═══ The data ═══

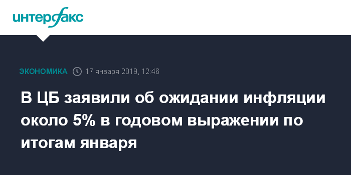 В ЦБ заявили об ожидании инфляции около 5% в годовом выражении по итогам января
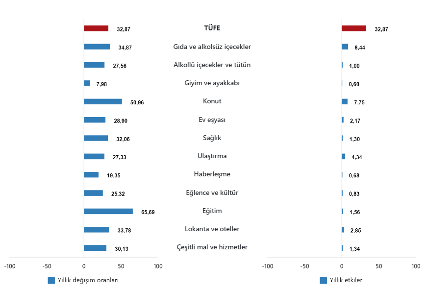 En yüksek ağırlığa sahip 3 ana harcama grubunun yıllık değişimleri; gıda ve alkolsüz içeceklerde yüzde 34,87 artış, ulaştırmada yüzde 27,33 artış ve konutta yüzde 50,96 artış olarak gerçekleşti.
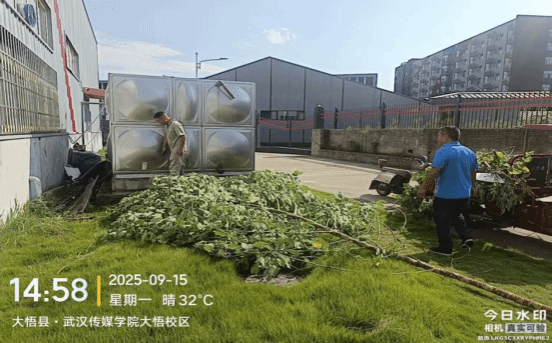 12. 9月18日,大悟校区物业科协调绿化队、保洁队合力疏通爱心湖排水沟,筑牢校园防汛保障。
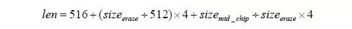 其中,sizeerase 为擦除单元的大小,对于MX25L1606,其为扇区大小,即4096。sizemtd_chip为MTD 实例的总容量。MX25L1606 对应的MTD 实例,其大小为除去保留块的总容量,若保留块为0,就是MX25L1606 的容量大小,即2M。需要的内存容量大小为:
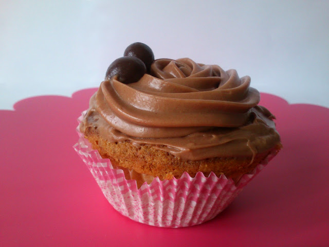 Ponemos una fina capa de crema en cada cupcake. Decoramos con la manga pastelera y listo!
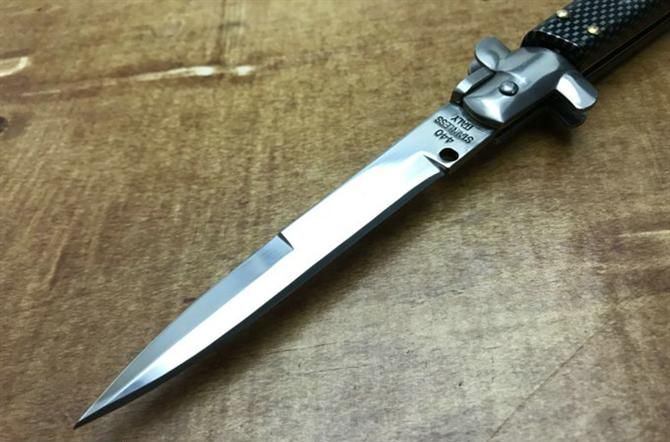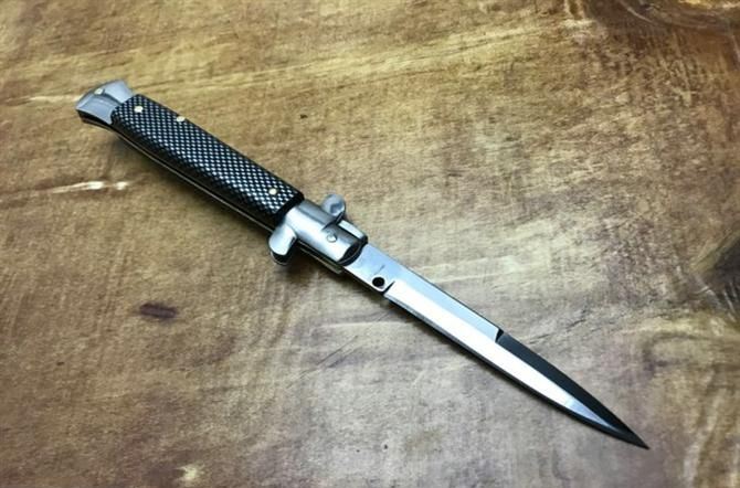 意大利黑手党经典侧跳刀(仿纤维柄) 全长:22.0cm 刃长:8.0cm 柄长:12.5cm 刃宽:1.2cm(最宽处) 刃厚:3.0mm 刃材:440 硬度:55HRC 刀柄:树脂纤维柄片 表面:镜光 开刀方式:自动横出 重量:120.0克

═══

Beginning with the line that contains "En yüksek ağırlığa", repeat every remaining line of the data exactly, the last line included, and omit pictures.

 En yüksek ağırlığa sahip 3 ana harcama grubunun yıllık değişimleri; gıda ve alkolsüz içeceklerde yüzde 34,87 artış, ulaştırmada yüzde 27,33 artış ve konutta yüzde 50,96 artış olarak gerçekleşti.
 12. 9月18日,大悟校区物业科协调绿化队、保洁队合力疏通爱心湖排水沟,筑牢校园防汛保障。
 其中,sizeerase 为擦除单元的大小,对于MX25L1606,其为扇区大小,即4096。sizemtd_chip为MTD 实例的总容量。MX25L1606 对应的MTD 实例,其大小为除去保留块的总容量,若保留块为0,就是MX25L1606 的容量大小,即2M。需要的内存容量大小为:
 Ponemos una fina capa de crema en cada cupcake. Decoramos con la manga pastelera y listo!
 意大利黑手党经典侧跳刀(仿纤维柄) 全长:22.0cm 刃长:8.0cm 柄长:12.5cm 刃宽:1.2cm(最宽处) 刃厚:3.0mm 刃材:440 硬度:55HRC 刀柄:树脂纤维柄片 表面:镜光 开刀方式:自动横出 重量:120.0克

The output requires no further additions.